Which Camera? D300 or D700 or what?

Discussion in 'Nikon' started by mark_thomas|17, Jan 7, 2012.

  1. For the record, I'm an inspiring photographer that wants good AF and sharp images.
    After being so mad at my Canon 7D and wanting to throw it at a brick wall, I'm switching to Nikon for MANY reasons. Low noise being just one of them. But this post is not about my switch.
    "Almost" settled on the D7000 because of the great video options. But after seeing 1000+ horror stories regarding the back focas issue it has totally scared me away.
    Originally I wanted the D700 because of the full frame sensor. But now I thinking I should SAVE the extra money and buy some good lenses.
    Do you think I should buy the D700 or buy the D300 and spend the extra on some good glass? I have about $4000 to spend at the moment and still need a flash too.
  2. If video AND low light are important to you, get the D7000. Back- or frontfocussing an be an issue on any camera, but both are easily corrected by Nikon service. I have owned 2 D300 and one D300s in the past years, one of the D300 had a backfocussing issue, Nikon repair service corrected it under warranty in no time.
    If low light is important and video not, get the D700. In my eyes, DX or FX are two very different choices regarding lenses. Either build the perfect DX setup, or create a perfect FX world. Switching is not as easy as it seems, since all of your lenses change, even if you start with FX lenses only on a DX body.
    Compared to the D7000, D300s is one generation older. BUT: handling to me is much better (that's why I stick to my D300 and D300s), and differences in IQ, even if they seem worlds appart in dpreview- and DxO-comparisons, depend much more on personal knowledge and technique than on Dxxx used.
    BTW, what is wrong with your 7D? I am non Canon fan, but the 7D seems to be a very capable camera to me, maybe it's more about lenses than cameras?
  3. I haven't used a 7d myself, and am in fact a Nikon shooter (D300), but a friend of mine has one and gets superb photographs with it. Noise is not an issue "native" to that body, at least if you meter correctly. In fact, I have very seriously considered ditching my D300 for a 7d. :)
    It might be that you need to master the DSLR you have rather than switch to a different one.
  4. Thanks for the response. The 7D has all kinds of noise issues. Any higher then ISO 200 and your IQ went to the cleaners. The 7D is a class act for unstable AF, you can google all that stuff. After reading many stories of users switching from a 7D to a D700 I realized it wasn't just me. Then I bought a $2200 70-200 L lens and had the same results. It was time to go.
    But back to Nikon
    Ok, so FX is Nikons high-end? And a DX lens will not fit on a FX camera and I will need to buy all FX if I get the D700 correct?
  5. Noreen, I wish that was the case but it's simply not true for me. The noise issues are burned in regardless of which lens was used. Everyone has different tolerations when it comes to IQ. The 7D is a great camera don't get me wrong. But it's simply not right for me. It's great for video and built like a tank, but I mainly shoot photos.
    Arrgg, now this is a 7D discussion!
  6. I can't comment on your 7d, and I don't own a D7000, but remember that Both D300 and D700 are "old" (in these days) cameras. D300 has been replaced by the D300s, and D700 is rumored to be replaced by another camera during the spring. On the other hand, you can get these cameras cheap 2nd hand. I love my D300.
  7. Yes you CAN use Nikon FX lenses on DX bodies. Even you can used DX lenses on FX bodies
    too, the camera will know when you use a DX lens and it will automatically change to DX crop.

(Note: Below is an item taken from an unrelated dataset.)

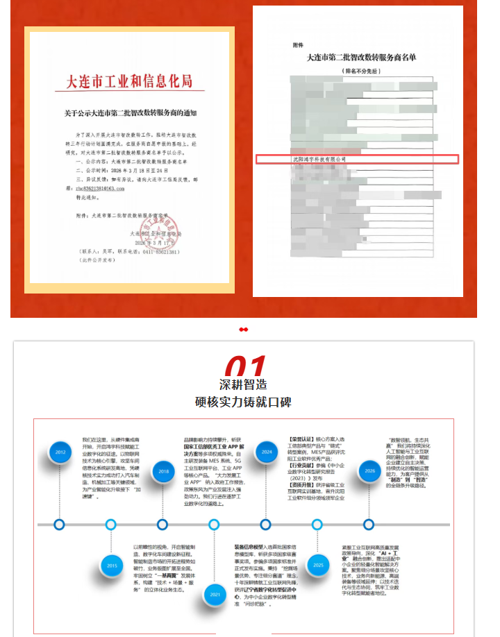 此次入选大连市智改数转服务商,既是荣誉,更是责任。未来,鸿宇科技将继续发挥技术与经验优势,为大连及周边地区制造企业提供全流程智改数转服务,从方案设计、项目落地到运营优化,全程陪伴企业完成数字化升级。

    I use both, D300 and D700. Each camera has its own use. DX for tele and macro work and FX for
    the rest...... Both cameras are old but there is nothing wrong with them. The are more than I need
    and so far I don't see a reason to upgrade to a new model.
    All you have to do is decide what is it that you want, DX or FX. But I am sure that if you don't like
    your Canon camera you won't be happy with a D300 either.
  8. I use an old D300 myself. My studio partner and a few friends use the 7D. Nikon cameras *may* be better than Canon in terms of high-ISO noise, but I'd be surprised (if you're that demanding about noise) if you'd be 100% satisfied with Nikon, either. They're not a magic bullet against noise, although I'm pretty happy with the D300's performance in that area.
    Still, if you're wanting the best possible performance at high ISOs (and video isn't a priority), I'd go with the D700. It has approximately the same number of megapixels as a D300, but as those are spread over a larger sensor, the imaging sites are larger, enabling them to gather more light and reducing the influence of sensor noise. As I do a lot of low-light shooting, I really want to get a D700...when I can afford it. In the interim, I've invested my cash in better lenses and my time/effort in mastering my camera. As Holger and Noreen said, knowing your camera and having good glass will make up for many deficits in the quality of the sensor and image processor in the camera.
    I constantly tell young photographers that your camera is like a guitar--you may have the nicest axe in the world, but unless you know how to play it, someone with a crappy $20 pawn-shop instrument will sound a hell of a lot better than you if they really know what they're doing. Whatever camera you go with, become the master of your instrument!
  9. I find the Canons and Nikons in general quite equal. What matters, and what will contribute heavily to your joy or pain, is ergonomics. Go to the samera store, and try them all. Choose then the one that fits your hand best.
  10. Regarding lenses, they are all f-mount, so don't get me wrong, no need to buy everything new when switching from DX to FX. BUT: pure DX lenses have a smaller image circle and do not cover the FX sensor completely. FX Nikon bodies crop automatically. FX lenses work perfectly on DX bodies, they just happen to be "longer" due to the smaller sensor. I was tempted to get the 24-70 mm f/2.8 for my D300 so I could keep using it when switching to D700 or similar one day. I ended up buying the 17-55 mm f/2.8 DX lense, since 24 mm just is not wide enough on the wide end. That's what I mean by different perfect setups for DX and FX.
    Regarding high ISO: one more thing is to shoot RAW and use a valid software. I am happy with the results I get from Lightroom. So workflow and software may be another point to check.
  11. " 1000+ horror stories" Sorry to disappoint you but they are simply NOT TRUE.
    Most camera issues are related to operational problems, not the hardware (unless the hardware is truly defective). The 7D is an excellent and capable body (even in the noise department IF you shoot RAW and have good post processing software and technique).
    Perhaps you should seek help from the Canon forum and try to resolve your issues with your 7D before giving up on it. The 7D has great AF and produces very sharp images.
  12. Holger: I was tempted to get the 24-70 mm f/2.8 for my D300 so I could keep using it when switching to D700 or similar one day​
    That's exactly why I bought the 24-70: To be prepared IF I bought a FX body later. That's more than a year ago, and I still have not bought FX. Do I need FX for my photos? Hmmmmmm. Nice to have? Yes.
  13. Be prepared for similar problems with Nikon. And then in a few years a switch to Sony? Solve your 7D problems first and
    then see whether you still wat/need to switch. You should be able to make great pictures with the equipment you have.
  14. I have had a d7000 since they first came out and have had no focus problems with it. I shoot in all lighting conditions with
    excellent results. I have also shot with a d300 for several years and love it except for it's age.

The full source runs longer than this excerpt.